Former SCCA hot shoe Art Huttinger has died from heart failure in a Florida Veteran’s Hospital at the age of 91. Born in 1925, he grew up in Great Falls, Montana, and excelled as a high school athlete in football, basketball, long distance running and speed skating. In 1942, at age 17, Huttinger joined the Navy Coast Guard for gunner’s school in St. Augustine, Florida, and later saw action in the South Pacific, including Okinawa.
Returning to Florida after the war, Huttinger spent 10 years as a ranger with the National Park Service, followed by two years employed as an aluminum salesman, giving Roger Penske a run for his money, no doubt!

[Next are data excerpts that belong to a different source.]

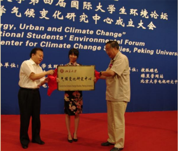 2009 年 5 月 31 日色情影片 党委副书记张彦(左一)和秦大河院士(左三)在色情影片 第四届国际大学生环境论坛上为色情影片 气候变化研究中心揭牌
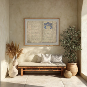 This historic manuscript artwork brings the elegance of 15th-century Islamic book arts into contemporary interiors.
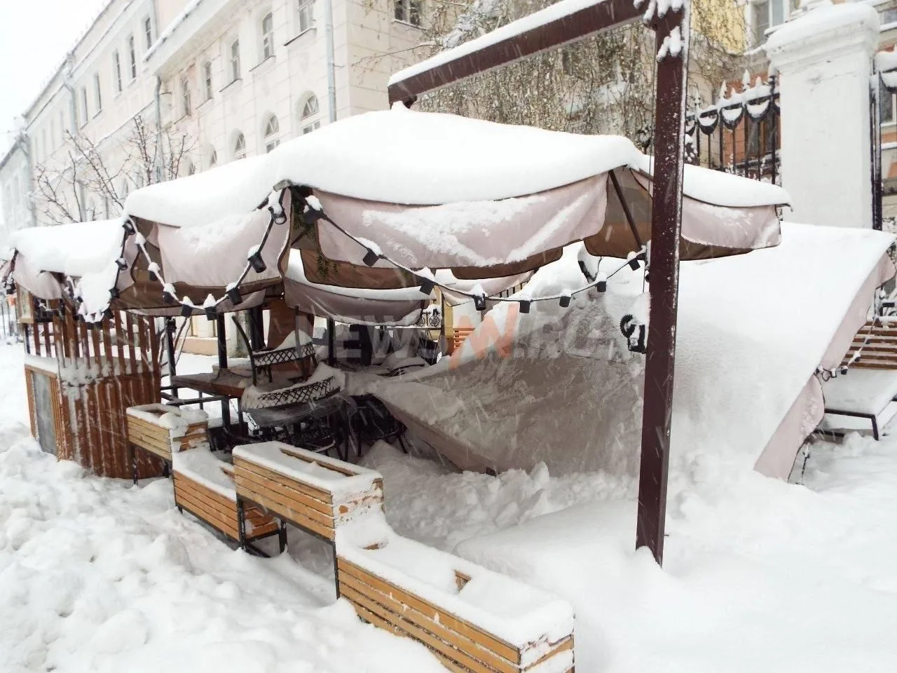 Сугробы в Нижнем Новгороде отменили планы на лето: там выпало столько снега, что раздавило террасу ресторана
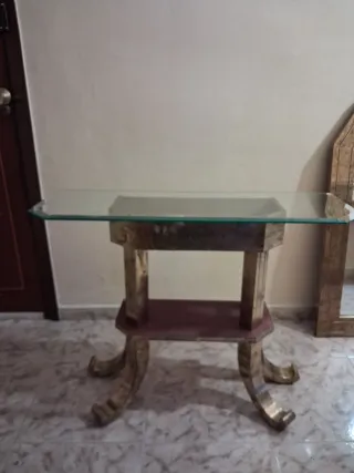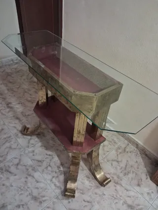 Mesa consola dorada cristal
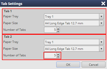 Pour Onglet 1 et Onglet 2, configurez Magasin, Format papier et Nombre d'onglets, puis cliquez sur OK.
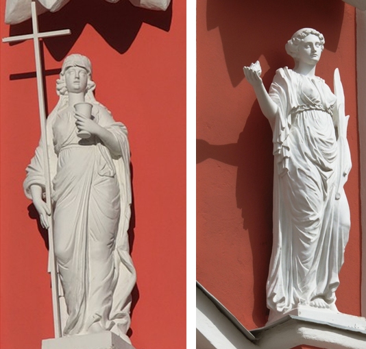 Статуи эти в любом случае не оригинальны: в 1990-е годы их снимали для реставрации - на фото церкви в энциклопедии СПб. статуй нет, а есть для них упоры. По ряду признаков кажется, что вновь поставленные сейчас (особенно та, что справа)... как бы помягче выразиться... не вполне канонические.
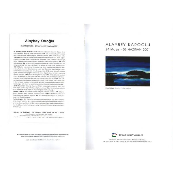Bu katalog 10-26 Mayıs 2001 tarihleri arasında İstanbul Emlak Sanat Galersinde açılan Alabey Karoğlu sergisi için Türkiye Emlak Bankası tarafından hazırlanmıştır.

Huttinger began his sports car career relatively late in life, in 1958 at age 33. Over time he owned and raced various cars: a 1958 production Corvette, a Bocar XP-5, a Knobbly Lister-Chevy and the rare Troutman-Barnes-built rear-engined Scorpion (above). He also co-drove a Costin Lister-Chevy and Shelby Cobra with his friend Pete Harrison.
Art always tried to buy American, but the Bocar was so unreliable that its nickname soon became “Blowcar.” The Knobbly Lister was a vast improvement, and in 1961 and 1962 Huttinger registered many overall victories in SCCA races around the Southeast, claiming the regional CM title in 1961.
Nicknamed the Montana Cowboy, Huttinger became known for his excellent Le Mans starts, and the former athlete would fondly remember how he beat Stirling Moss under the foot bridge at Nassau in 1961.
He was quite the guy.
Just before his death he said “I have nothing left on my bucket list”.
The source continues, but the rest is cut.